**DATA SEGMENT**
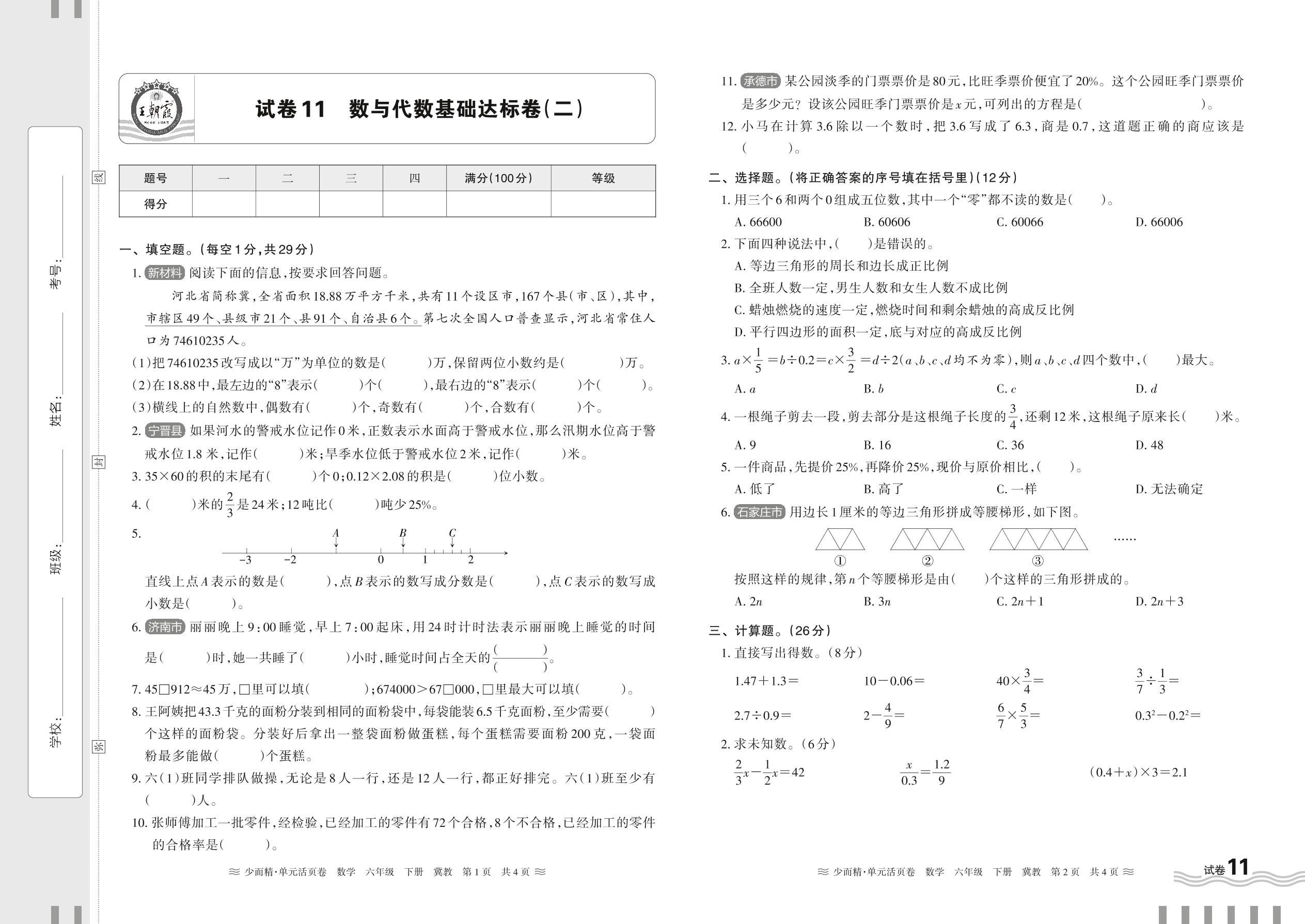 2024春下册六年级数学冀教版 数与代数基础达标卷(二)【11】
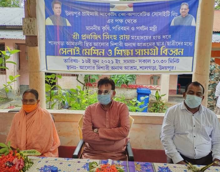 Distribution of Sewing Machines and Educational Materials on Today (16th June 2021) among the students of Alor Dishari Orphanage Home on behalf of Udaipur Primary Marketing Co-Operative Society Limited at Salgara Amtali, Udaipur. Hon’ble Agriculture, Transport & Tourism Minister Pranajit Singha Roy was present there.
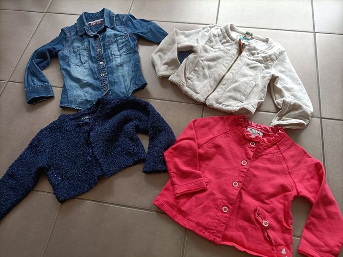 Lot de gilets/vestes fille, 2 ans, très bon état. 1 chemise en jean 1 veste écru tape à l'oeil 1 gilet Kiabi bleu a paillettes 1 gilet rose
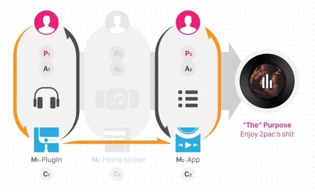同之前的一样,用户首先要达成的目的(P1)是事先做好自己一个人才能听到音乐的私密听觉空间的准备,带着这个子需求,用户将耳机线插入对应的手机耳机孔(A1),但此时的媒介,也就是这台搭载iOS9的手机硬件(M1),将当前场景下用户插入耳机这一行为输入进行了分析和解读,预判用户下一个场景是要找到音乐播放应用,而这一操作实际是为了再下一个场景在那个应用里选歌收听的,在后台(Backstage)完成这一连串的“思考”后,手机硬件(M1)作为当前场景被输入的对象,不但常规地、响应地向当前场景的用户输出了硬件体感上的反馈,同时向手机内的默认音乐应用(M2)输出了在下一场景直接唤起的需求指令;

**EXERCISE**
Copy out every line of the material above precisely, omitting the pictures.

**RESULT BELOW**
 2024春下册六年级数学冀教版 数与代数基础达标卷(二)【11】
 Distribution of Sewing Machines and Educational Materials on Today (16th June 2021) among the students of Alor Dishari Orphanage Home on behalf of Udaipur Primary Marketing Co-Operative Society Limited at Salgara Amtali, Udaipur. Hon’ble Agriculture, Transport & Tourism Minister Pranajit Singha Roy was present there.
 Lot de gilets/vestes fille, 2 ans, très bon état. 1 chemise en jean 1 veste écru tape à l'oeil 1 gilet Kiabi bleu a paillettes 1 gilet rose
同之前的一样,用户首先要达成的目的(P1)是事先做好自己一个人才能听到音乐的私密听觉空间的准备,带着这个子需求,用户将耳机线插入对应的手机耳机孔(A1),但此时的媒介,也就是这台搭载iOS9的手机硬件(M1),将当前场景下用户插入耳机这一行为输入进行了分析和解读,预判用户下一个场景是要找到音乐播放应用,而这一操作实际是为了再下一个场景在那个应用里选歌收听的,在后台(Backstage)完成这一连串的“思考”后,手机硬件(M1)作为当前场景被输入的对象,不但常规地、响应地向当前场景的用户输出了硬件体感上的反馈,同时向手机内的默认音乐应用(M2)输出了在下一场景直接唤起的需求指令;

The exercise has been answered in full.